私の全部がアルの血肉となって、彼の中に残るなら、それはそれで幸せなことではないかと思うほど、彼が欲しい。
「我ながら、思考がヤバいな」
そんな考えを苦笑して飲みこみ、私はアルの髪を撫でる。サラサラとした髪質が指に心地いい。
「危なくてもいいから、側に置いて欲しい」
私は起きない無防備なアルにつぶやくように懇願する。
起きている時に言わなければ意味がないのに、今の関係に名前を望んで、アルに去られるのが怖かった。
アルの髪が心地良すぎて、撫で過ぎたのだろう。うぅっと小さな声が漏れてアルの身体が動く。そろそろ起きるかな、と思って手を止めたところで、寝ぼけたようにぎゅっと腕に力が込められ抱きしめられる。
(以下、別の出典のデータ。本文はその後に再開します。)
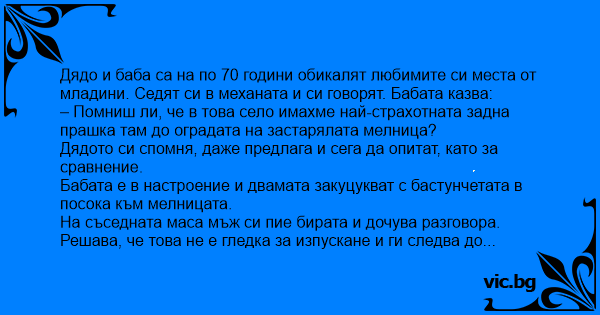 Старците стигат и дядото си сваля панталоните, а бабата си вдига полата, обръща се с лице към оградата и се обляга на нея за подпора. Дядото не губи и секунда и започва един луд cekc, едни движения, едни въртележки, такава гъвкавост, като на 18 годишни любовници. Бабата бута назад, дядото напред, бабата дере с ръце, дядото стиска хълбоци като за последно, двамата скимтят от удоволствие и екстаз, "О,Боже!" оглася гората.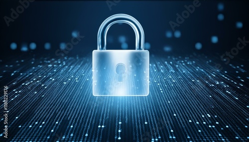 Digital security image with a glowing lock symbol on a background with precise patterns placed to represent encrypted codes

身体が密着した事でアルの心音がよく聞こえ、私の鼓動が早くなる。
「……セ……イカ」
アルの口からつぶやかれた寝言を耳が拾う。
「セイカ……悪い、な。……気づかなくて」
今度ははっきりと、セイカと呼ぶ。後悔が滲んだその声で、形のいい眉を寄せて。
(誰、だろう? セイカって)
私の知らない女の人の名がアルの口から溢れ、嫌な音を立てて胸の奥が軋んだけれど。
「大丈夫、大丈夫」
アルの顔がとても悲しそうだったから、私はアルを抱きしめ返してトントンと大きな背中を叩いて、あやす。
「全部、夢だから、大丈夫」
昨日は余程疲れたのだろう。アルはまた、規則正しい寝息とともに夢の中に落ちた。
「怖いの、怖いの、魔ノ国まで飛んで行け」
私は小さな声で呪いを唱える。少しでも、アルがよく眠れるようにと祈りを込めて。気休め程度だけど、と額にキスをしようとして、やめる。
「……妬かないわけでは、ないのよ? 無防備なアルが悪い」
そうつぶやいて、一瞬だけ唇に触れた。今度は、私もアルの夢に出たらいいなと願って。